**MATERIAL SUPPLIED**
+ + + +
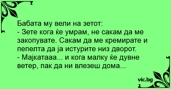 - Зете кога ќе умрам, не сакам да ме закопувате. Сакам да ме кремирате и пепелта да ја истурите низ дворот.
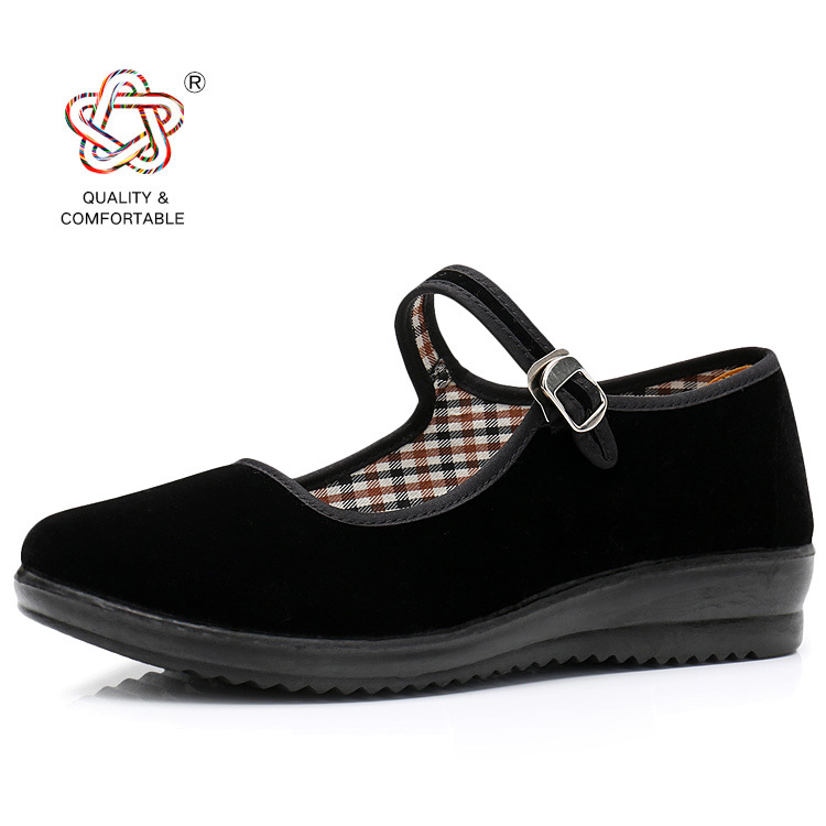 黒い靴付きの女性ホテルの黒い女性の布靴の古い北京の布靴の女性の靴の平毛の世代の平ヒール
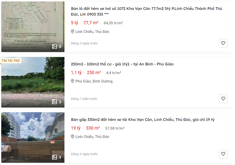 Đơn cử như lô đất 330m2 thuộc đất hẻm xe tải Kha Vạn Cân đang được rao bán với mức giá 57,58 triệu/m2 tương ứng với giá là 19 tỷ đồng. Hay như lô đất hẻm xe hơi số 1072 Kha Vặn Cân chỉ rộng 77,7m2 đang được rao bán với giá 5 tỷ, tương đương với 64,35 triệu/m2.
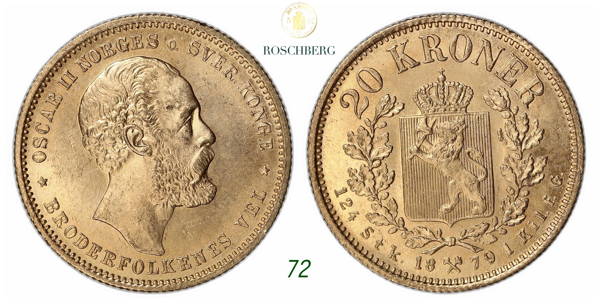 NORWAY. Oscar II. 20 Kroner Gold 1879.
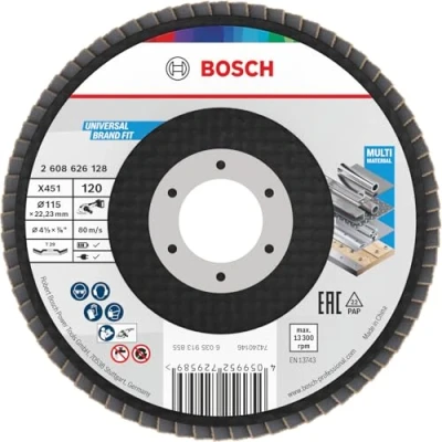Bosch 15x X451 Flap Disc, G80, G120 (for Steel, Aluminium, Ø 115 mm, Grit 120, Professional Accessory Small Angle Grinder)
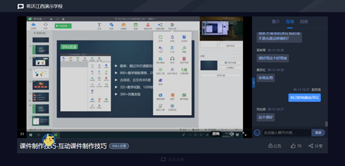 5月12日-5月14日為培訓(xùn)的第一階段,自愿報(bào)名參加培訓(xùn)的老師人數(shù)高達(dá)1000人。培訓(xùn)內(nèi)容根據(jù)當(dāng)前開展線上教育情況和提升課堂教學(xué)質(zhì)量兩方面實(shí)際進(jìn)行了設(shè)計(jì),授課教師圍繞交互式多媒體設(shè)備互動課件制作基礎(chǔ)、資源素材獲取、互動課件制作技巧、課件排版、班級管理及微課錄制六個(gè)板塊展開。
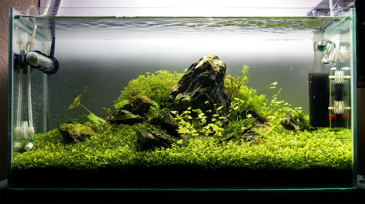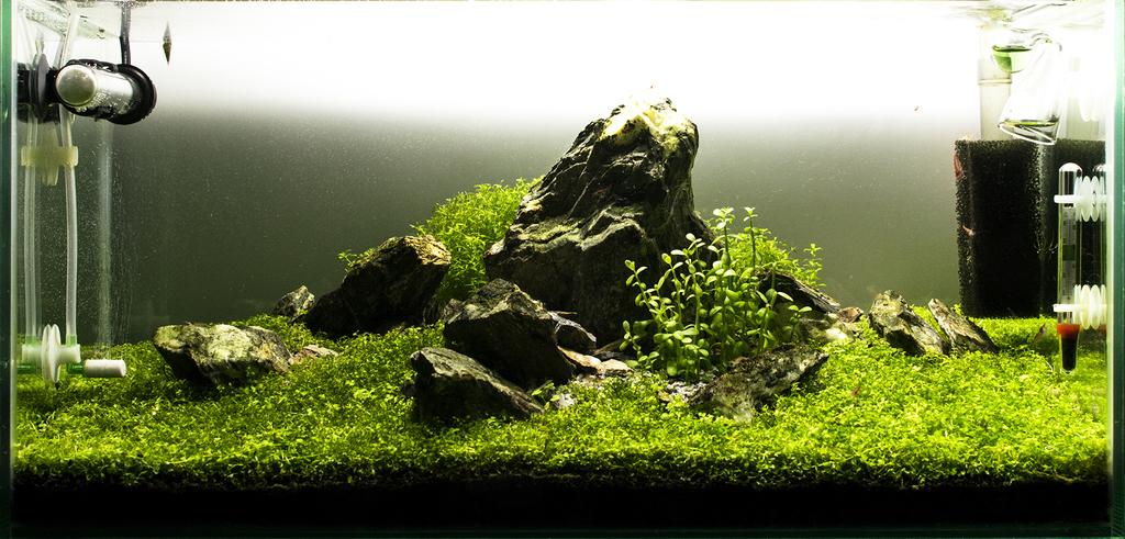 Аз определено не съм фен на акваскейпа, все едно да харесваш изрусена мургавелка със силиконови цици и устни, но ако се придържаш към него трябва да махнеш излишната растителност и подчертаеш камъните. На предишната страница имаш определено красив акваскейп, който се е обременил с развитието на растенията. Ако сложиш още един камък, който да скрие устройствата, ще е перфектно.
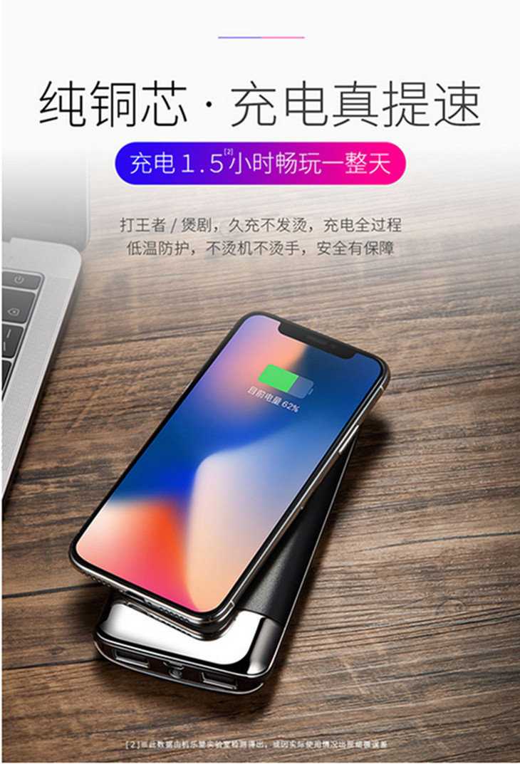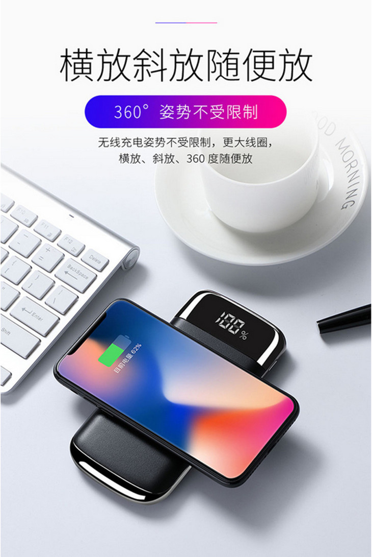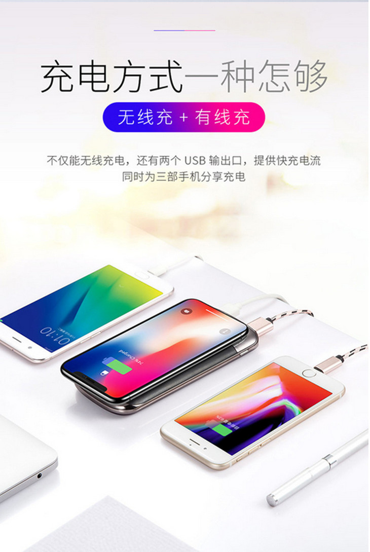 【充电宝】*无线充电宝适用iPhonex移动电源8P超薄便携QI快充S8通用8X
+ + + +
**BRIEF**
Would you set down, word for word, the lines running from the one that contains "5月12日-5月14日為培訓" to the last line of the material, omitting all pictures?

**COMPLETED TASK**
 5月12日-5月14日為培訓(xùn)的第一階段,自愿報(bào)名參加培訓(xùn)的老師人數(shù)高達(dá)1000人。培訓(xùn)內(nèi)容根據(jù)當(dāng)前開展線上教育情況和提升課堂教學(xué)質(zhì)量兩方面實(shí)際進(jìn)行了設(shè)計(jì),授課教師圍繞交互式多媒體設(shè)備互動課件制作基礎(chǔ)、資源素材獲取、互動課件制作技巧、課件排版、班級管理及微課錄制六個(gè)板塊展開。
 Аз определено не съм фен на акваскейпа, все едно да харесваш изрусена мургавелка със силиконови цици и устни, но ако се придържаш към него трябва да махнеш излишната растителност и подчертаеш камъните. На предишната страница имаш определено красив акваскейп, който се е обременил с развитието на растенията. Ако сложиш още един камък, който да скрие устройствата, ще е перфектно.
 【充电宝】*无线充电宝适用iPhonex移动电源8P超薄便携QI快充S8通用8X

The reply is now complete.